January 1, 2010 (Vol. 30, No. 1)

Scientists in Academia Are Pushing Young Field Ahead with Diverse Range of Applications

The field of stem cell research is progressing rapidly despite technical and policy challenges. In fact, the global stem cell market is estimated to reach $88.3 billion by 2014, with the U.S. holding 60% of the market, according to a 2009 report from Bharat Book Bureau. 

Although U.S. embryonic stem cell research guidelines have been relaxed since President Obama’s Executive Order this past July, several states (South Dakota, Louisiana, Arizona, Texas, and Oklahoma) are trying to restrict or altogether ban these efforts. In addition, there is still no federal law that prohibits reproductive cloning in the U.S.

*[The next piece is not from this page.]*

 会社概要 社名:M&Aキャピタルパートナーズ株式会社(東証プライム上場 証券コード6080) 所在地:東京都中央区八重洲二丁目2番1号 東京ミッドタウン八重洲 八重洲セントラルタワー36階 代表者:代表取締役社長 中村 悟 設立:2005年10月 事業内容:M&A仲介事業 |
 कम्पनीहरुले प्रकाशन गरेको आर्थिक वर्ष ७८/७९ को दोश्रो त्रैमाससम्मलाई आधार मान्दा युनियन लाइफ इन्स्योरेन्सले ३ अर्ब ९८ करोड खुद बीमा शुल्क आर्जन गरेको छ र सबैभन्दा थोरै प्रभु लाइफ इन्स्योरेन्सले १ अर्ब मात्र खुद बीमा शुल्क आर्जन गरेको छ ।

In the U.K., however, such guidelines were established in 1990 via the Human Fertilization and Embryology Authority (HFEA). This group grants research licenses to individuals applying to use human embryos and regulates all clinics performing reproductive medicine. In 2001, its permission guidelines for embryonic research were expanded to include efforts under way to better understand human development and disease and to create new therapies.

Stephen Minger, Ph.D., former professor and director of the stem cell biology lab at King’s College, London, was the first researcher to obtain an HFEA license under these guidelines and reportedly the first to generate a human embryonic stem cell line in the U.K. Currently head of R&D for cell technologies at GE Healthcare, Dr. Minger’s academic work focused on developing cell therapy for diseases like multiple sclerosis, heart failure, and retinal disorders. The group utilized embryos with genetic mutations to develop cell lines in order to study the molecular basis of diseases.

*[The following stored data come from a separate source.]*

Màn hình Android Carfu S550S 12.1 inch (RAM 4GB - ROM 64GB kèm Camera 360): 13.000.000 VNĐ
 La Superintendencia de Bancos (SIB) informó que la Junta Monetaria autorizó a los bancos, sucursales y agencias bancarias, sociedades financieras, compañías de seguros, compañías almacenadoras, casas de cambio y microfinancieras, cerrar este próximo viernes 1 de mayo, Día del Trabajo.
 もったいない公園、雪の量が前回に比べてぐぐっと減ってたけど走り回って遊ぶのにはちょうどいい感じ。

According to Dr. Minger, this approach has advanced induced pluripotent stem cells (iPSC), allowing the creation of disease-specific cell lines from anyone with a known genetic mutation. “This opens up a whole new arsenal of approaches we didn’t have before and is moving research away from animal models and more into cell-based human models,” he reported at Select Biosciences’ “Stem Cells Europe,” meeting, which was held recently in Edinburgh.

Dr. Minger said that, although stem cell research is a young field, there has been a lot of progress academically and commercially growing cells under better conditions and to greater scale. “We probably still don’t have optimal growth conditions and differentiation protocols are still under development.”

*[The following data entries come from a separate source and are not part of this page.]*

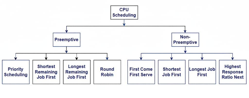 - Throughput: The number of processes completed per unit time. If 10 processes finish in 1 second, throughput = 10 processes/sec.
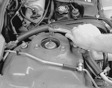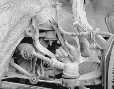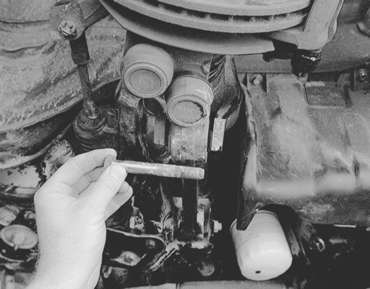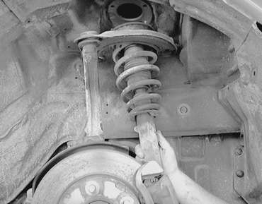| Fig. 1: Removal of front strut lower mounting bolts |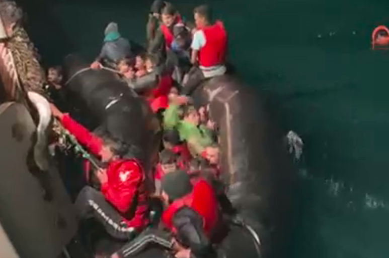 Video footage shows a number of people being rescued from an inflatable boat, following a major incident in the English Channel.

Questions remain as to whether it’s possible to generate cells of high enough purity and quality for drug screening or predictive toxicology. “What purity do cells have to be to constitute a good clinical product? Is 95% acceptable if you know what the other 5% are?”

Questions also remain regarding clinical development. “We need to develop automated systems and technology to monitor the cells, to be able to grow the trillions of cells required to take cell therapy into real clinical practice. It’s impossible to say we’ll be there in two years or ten years. We still have quite a long way to go.”

GE Healthcare and Geron entered into a global license and collaboration agreement in June 2009 to develop and commercialize cellular assay products derived from human embryonic stem cells for use in drug discovery, development, and toxicity screening.

Cartilage Repair

Researchers at the University of Bristol have developed a tissue-engineering method to effectively take stem cells from bone marrow and, using the right growth factors, drive cartilage cell formation. Several challenges remain, reported Anthony Hollander, Ph.D., professor of rheumatology and tissue engineering. Since the patients are not life-threatened but in pain, and perhaps somewhat disabled, the burden of evidence that stem cell therapy is going to be safe and effective is much higher. Cost is another factor. “Although we’re using the patient’s own cells and there is no immune rejection, it’s personalized medicine and very expensive.”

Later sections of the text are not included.